The research acknowledges the aquifer’s hydrochemical interactions, which are essential for management that respects the natural physical environment. In this regard, actions such as continuous monitoring, controlled extraction rates, well-pumping rotation, and managed recharge are key to planning community water sustainability. Simulated scenarios demonstrate that limiting extractions during dry periods and improving recharge structures, such as alluvial dams, can reduce the advance of the brackish wedge and the aquifer’s vulnerability to intrusion, even under conditions of high-water demand and low rainfall.

Future research directions could focus on refining the model by incorporating more complex geochemical processes (e.g., mineral dissolution kinetics, redox reactions) and isotopic modelling. Identifying the aquifer’s recharge and discharge zones is key to improving model interpretation, predicting the effects of intensive exploitation, and designing artificial recharge strategies. Integrating hydrochemical, isotopic, and piezometric monitoring data from long-term campaigns will enable evaluation of the influence of extreme events such as El Niño and La Niña, thereby strengthening the community-based water sustainability approach in Manglaralto.

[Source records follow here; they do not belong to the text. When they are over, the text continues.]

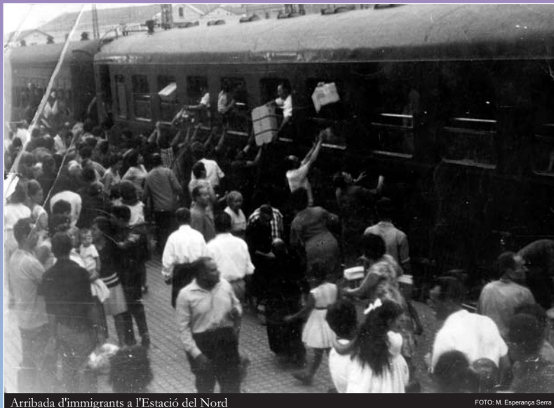
Arribada d'immigrants a l'Estació del Nord

L'art tèxtil hegemònic a la ciutat progressava per l'ocupació de molta mà d'obra barata, explotada per mitjà de llargues jornades de treball i hores extres, amb salaris minsos, i per la pluriocupació, sense una tecnologia homologable a Europa.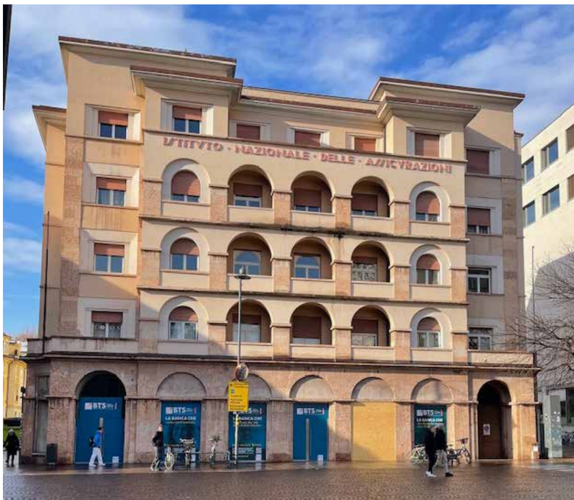
La nuova filiale di Bolzano in Piazza Domenicani 28 (prossima apertura)

tela, Soci e Soggetti economici. Viviamo l’era del “digitale”, e noi vogliamo declinare questa opportunità quale fattore abilitante le relazioni umane: siamo convinti che la strada sia questa, persone “al centro” che valorizzano e rinsaldano i rapporti anche attraverso strumenti, soluzioni e canali innovativi. Così vediamo e vogliamo il nostro futuro. Peraltro, un riscontro immediato e concreto è rappresentato dalla volontà di proporre il nostro modo di fare impresa in altri territori: tra poche settimane sarà inaugurata la filiale di Bolzano, vogliamo esprimere con determinazione i nostri valori anche in Alto Adige.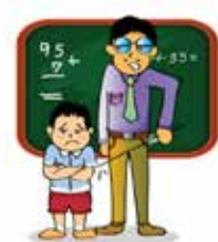
ตีและเยาะเย้ยเด็กในโรงเรียน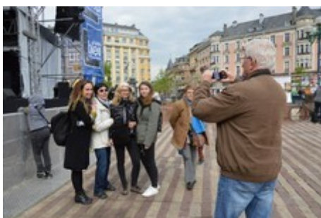
Ph. Cl. : Jacky immortalise le moment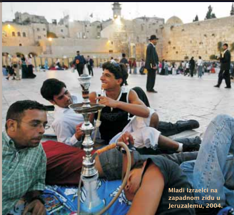
Mladi Izraelci na zapadnom zidu u Jeruzalemu, 2004.

Židovi su započeli emigraciju iz Europe u Palestinu u 19. stoljeću kako bi pobjegli od antisemitizma. Povećavali su postojeće židovske zajednice živeći na zemlji koju su kupovali od arapskih zemljoposjednika. Britanski upravitelji davali su nadu i Židovima i Palestincima da će moći osnovati svoju vlastitu državu. Želja obiju grupa da osnuju svoju vlastitu državu na istome području začetak je sukoba oko teritorija koji traje do današnjeg dana. Godine 1947. Velika Britanija najavljuje povlačenje s teritorija, a u studenome Ujedinjeni narodi usvajaju rezoluciju o podjeli bivšega britanskoga povjereništva. Velik dio arapskih zemalja, međutim, glasuje protiv rezolucije.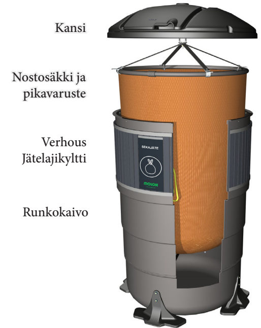
Kuva 1. Säiliön rakenne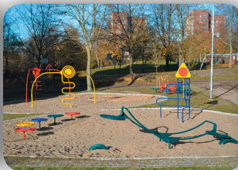
Projekt "SPIRELI" Vilo och lek område vid Fittja, Krogarevägen, Norsborg, beställare Botkyrkabyggen.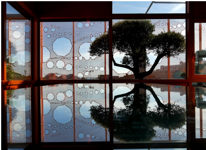
Inside le Cube Orange - 2018

Le Cube Orange : réalisé par Jakob + MacFarlane, cet immeuble est une réinterprétation du profil en arche des Salins du Midi sur lequel il vient s'accoler, une manière originale de créer, à chaque niveau, des atriums patios, véritables puits de lumière.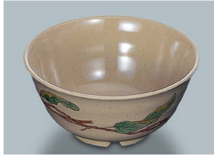
MB-605 FB (ふる里) うどん鉢 AB 180 × 85 ・ 1,170ml ¥1,750 C-180 ¥430 → P.302 UDFU ¥400 → P.308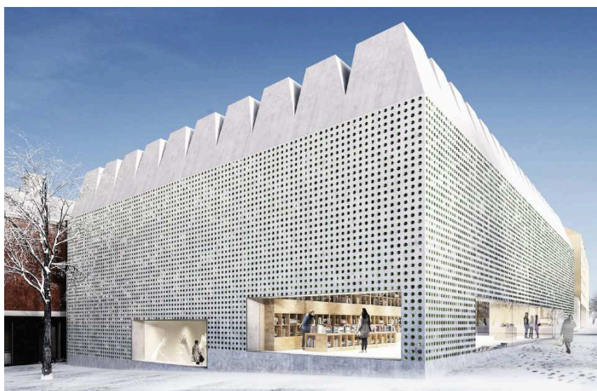
Fotomontage, fasad mot nordväst. Bild: Wingårdh Arkitektkontor AB

Kontoret bedömer att detaljplanens genomförande inte kan antas medföra sådan betydande miljöpåverkan som åsyftas i PBL 4 kap 34§ eller MB 6 kap 11§ att en miljöbedömning behöver göras.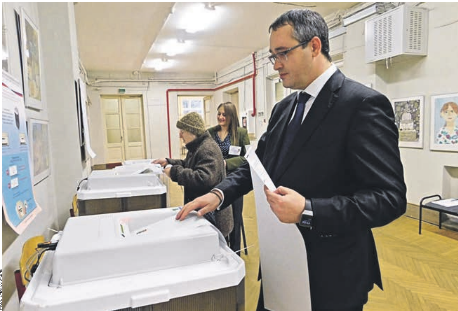
Вчера 17:35 Председатель Московской городской думы Алексей Шапошников проголосовал на избирательном участке № 79. В день проведения выборов он занимал должность заместителя руководителя Общественного штаба по наблюдению за выборами в Государственную думу

Избирательный участок развернулся в холле второго этажа. За честным ходом голосования следят наблюдатели и как минимум две видеокамеры. Одна из них обеспечивает общий обзор. Другая установлена прямо напротив кабин для голосования, задрапированных плотной темно-синей тканью. Система видеонаблюдения зарекомендовала себя еще на прошлых выборах — президента России, мэра Москвы и депутатов Московской городской думы. В общей сложности на 3416 участках столицы установлены 6832 камеры. Они будут работать не только весь день, но и всю ночь, пока избирательные комиссии будут подсчитывать голоса. Эти же камеры передают картинку для онлайн-трансляции в интернете. Так что при желании каждый желающий может посмотреть, как проходит выборы на том или ином участке. В районе 11 часов дня на избирательном участке № 90 свои два бюллетеня получил Сергей Собянин. Ему, как и всем, предстояло отдать свой голос не только за партию, которую он хочет видеть в составе Государственной думы, но и за конкретного депутата, что будет на уровне правительства представлять интересы жителей Центрального административного округа столицы. Твердой рукой глава города поставил две галочки. — Сегодня очень важный день для страны — выборы в Государственную думу, —

From a sustainability perspective, this study illustrates how a conceptual hydrochemical model, even when based on a limited dataset, can inform management actions that support water security in coastal rural communities. By identifying which wells are dominated by seawater intrusion and which are controlled by geogenic processes, the model provides JAAPMAN with a baseline, process-based decision-support framework to refine its current practices of controlled pumping, well rotation, and water mixing, primarily under non-extreme hydroclimatic conditions. Extending this framework to extreme scenarios (El Niño/La Niña years) and validating it with multi-year monitoring data are identified as priority directions for future work. With these caveats, integrating hydrochemical diagnosis with community-based governance offers a transferable approach to improving groundwater management in similar coastal aquifer systems across Latin America, particularly in contexts where scientific tools must be accessible to local water boards operating under limited institutional resources.